# Help needed input required ASAP



## iyamwutiam (Nov 20, 2006)

Hi- a friend of a friend is selling a pair of AIR 6 Masters in NYC. He s a studio guy who composes and is selling two AIR 6 masters for 1450 - cash and carry. I don't really know anything about these speakers or even its a good deal.

I did a quick google serach and know they came out in 2002 and can do 192KHz, use xlr and rj45 jacks and need a separate volume control. He told me this is a really good deal and the monitors are in mint condition and I will go this week end to his studio to hear them. But he did mention they were not for the casual guy-which I am. Also curiously enough I did not find any on sale via google shopping..that's strange no? They still go for 4K or more in certain countries.

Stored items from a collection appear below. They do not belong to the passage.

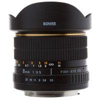 Bower SLY358N Extreme Wide-Angle 8mm f/3.5 Fisheye Lens for Nikon The ultra wide-angle 8mm f/3.5 lens for Nikon is a unique fisheye lens designed to capture all-encompassing images. Its advanced aspherical, multi-coated optical glass reduces flare and minimizes outer-edge distortion for optimal image quality. Its remarkable 180° perspective provides the photographer with excellent versatility for shooting in cramped spaces and capturing wide-sweeping landscapes. Includes attached tulip lens hood and pouch.
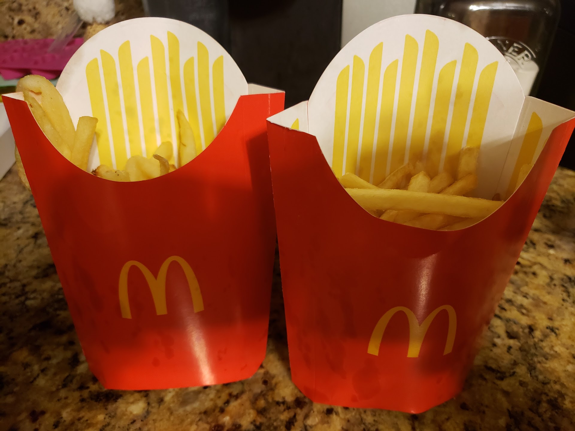 Every visit has different staff. I had not visited in 3-4 years because I disagree with the type of staff and neglect of the Business by the Staff. First I always disagree with cash register staff then go into food service and cook fries and drinks. Need to sweep or mop or wipe off tables/chairs. Last visit in 2023 I requested no salt on fries. The fries was cooked, dumped into pan. The pan already have some residual salt. The male staff allowed some fries to stay in the fryer so not to touch the residual salt but then put down in the fryer stove for additional cooking and said "these can be cooked longer for burning" he turned to a staff talking smiling. The staff walked away. I questioned the male staff if those fries cooking is mine. He said yes. I said I will take the fries in the residual salt not the ones your burning. He questioned that's salt you want. I said yes I heard what you said about burning the fries my fries. Burnt food in these Businesses is documented and posted on the wall that cancer can be caused even 7Eleven have one posted. He stopped the fries from cooking. I didn't get those. My order was bagged and the fries caused the bag to be fully stained. I believe McDonald's has different ingredients and using plant based or not America đşđ¸ beef. I confirmed with this meal I can't eat at them. This is the 3rd location. Plant Based foods has a fumigating scent from my neck into my nose after eating with keeping my mouth closed that is nauseating for days. The fumigating is like smelling plants and the stems in a flower shop . They cant deny. My remedy is to stop eating for 2 days. My sister introduced me to store/market foods of plant based and I recognized the same effect. I stop eating while at her house until I excreted that out which happened in 2 days. I like veggie burgers but in California they are not the same anymore. Before made with all herbs: pepper, tyme aregano garlic and other flavoring/seasoning with bread crumbs and moistened with water into a hamburger shape. Now plant based and not the same ingredients. The soda fountain need sanitizing I don't believe the components are disassembled and washed, the fountain area drains and counter looks the same wet and sticky with flies swarming around that I call cemetery flies because the area smell of cremation. Again be aware that Individuals use chemicals and other substances then think that food will make them feel better. Good they serviced the ventilation that caused the dinning area to be dusty dirty but then was so cold the food got cold, the Staff would not increase the temperature when my sister asked, we got our food and sat down then stuffed our mouth but asked for hot fries, no customers ate inside and we got hot chocolate from extramile while our food...
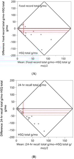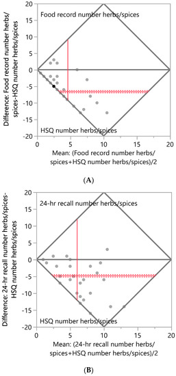 Bland–Altman Plots of the total grams of herbs and spices consumed per month. (A) Difference in total g/mo of herbs and spices consumed between the Herb/Spice Questionnaire (HSQ) and food records. N = 33 respondents; mean difference between methods = −15.8, Wilcoxon signed rank test, p < 0.05. (B) Difference in total g/mo of herbs and spices consumed between the HSQ and 24-h recalls. N = 29 respondents; mean difference between methods = −29.2, Wilcoxon signed rank test, p < 0.001. The mean difference is shown as the horizontal solid red line, with the 95% confidence interval above and below shown as red dotted lines. The mean of pairs is shown by the vertical red line.
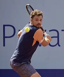 Stanislas Wawrinka (French: [stanislas vavʁiŋka];[lower-alpha 1] born 28 March 1985) is a Swiss professional tennis player. He reached a career-high Association of Tennis Professionals (ATP) singles ranking of world No. 3 for the first time on 27 January 2014.[4] His career highlights include three Grand Slam titles, those being the 2014 Australian Open, 2015 French Open and 2016 US Open, where he defeated the world No. 1 player in the final on all three occasions. Other achievements include reaching the final of the 2017 French Open, winning an ATP Tour Masters 1000 title at the 2014 Monte-Carlo Masters, and reaching three other Masters finals (at 2008 Rome, 2013 Madrid and 2017 Indian Wells). Representing Switzerland, Wawrinka won gold in doubles at the 2008 Beijing Olympics with teammate Roger Federer, and was also pivotal in the Swiss team's victory at the 2014 Davis Cup. Wawrinka considers clay his best and favorite surface, and his serve and backhand his best shots. John McEnroe once said that Wawrinka has one of the most powerful backhands ever, and in 2009 said he possessed "the best one-handed backhand in the game."[5] He has been described by The Economist as "tennis's great latecomer", owing to finding success late in his career.[6] Prior to the 2014 French Open, he requested and was granted a formal change in his name from "Stanislas Wawrinka" to "Stan Wawrinka", stating that he plans to use the abbreviated name in tournament draws and press conferences.[7]

Anyway -thoughts, opinions and input would be gladly received. If its a good deal maybe someone here is interested? Is it a good deal? He says they are very heavy and so I guess Sunday would be the day to pull the trigger and befor Sunday -say Thursday -the day to back out.


----------



## SkizeR (Apr 19, 2011)

i wonder how much stuff your going to pile up in your basement before you actually use any of it...


----------



## iyamwutiam (Nov 20, 2006)

Well some stuff is gone. The Brax amps both of them. Just left with two f900s, the director, the Helix pro and Bitplay. Still have the 7990s.
That's it. I just sold my Chartwell ls3/5as and looking for something in the computer room.


----------



## porscheman (Jan 1, 2012)

these?
2 DYNAUDIO Acoustics AIR 6 MASTER Speakers w/ Volume Remote & Adapter


----------



## iyamwutiam (Nov 20, 2006)

Yes those exactly


----------